### Work instruction
Write the listing out again word for word, skipping each picture.

### Data extract
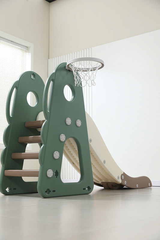Спокойная зеленая палитра и минималистичный дизайн делают продукцию идеальной частью интерьера детской комнаты или придомового пространства. Универсальная горка подходит для дошкольных учреждений, детских площадок загородных домов и жилых помещений, становясь любимым развлечением мальчиков и девочек разных возрастных групп.
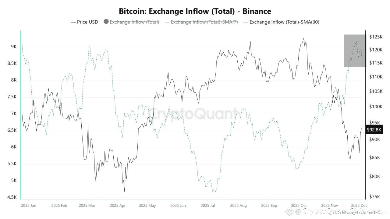 On-chain data from Binance reveals a critical warning for Bitcoin. The 30-day moving average (SMA) of total exchange inflows reached a 2025 peak of 9.17K on November 28th. This is a significant bearish indicator, suggesting that selling pressure is at its highest level this year.
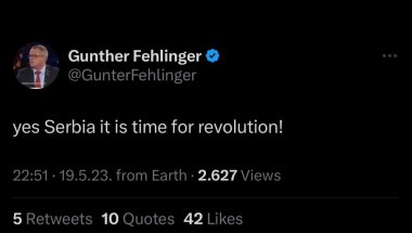 Felinger je takođe na svom tviter nalogu napisao: Da za srpski Majdan, da za rušenje Vučića, da za kraj ruske Srbije, da za evropsku Srbiju.

### Result below
Спокойная зеленая палитра и минималистичный дизайн делают продукцию идеальной частью интерьера детской комнаты или придомового пространства. Универсальная горка подходит для дошкольных учреждений, детских площадок загородных домов и жилых помещений, становясь любимым развлечением мальчиков и девочек разных возрастных групп.
 On-chain data from Binance reveals a critical warning for Bitcoin. The 30-day moving average (SMA) of total exchange inflows reached a 2025 peak of 9.17K on November 28th. This is a significant bearish indicator, suggesting that selling pressure is at its highest level this year.
 Felinger je takođe na svom tviter nalogu napisao: Da za srpski Majdan, da za rušenje Vučića, da za kraj ruske Srbije, da za evropsku Srbiju.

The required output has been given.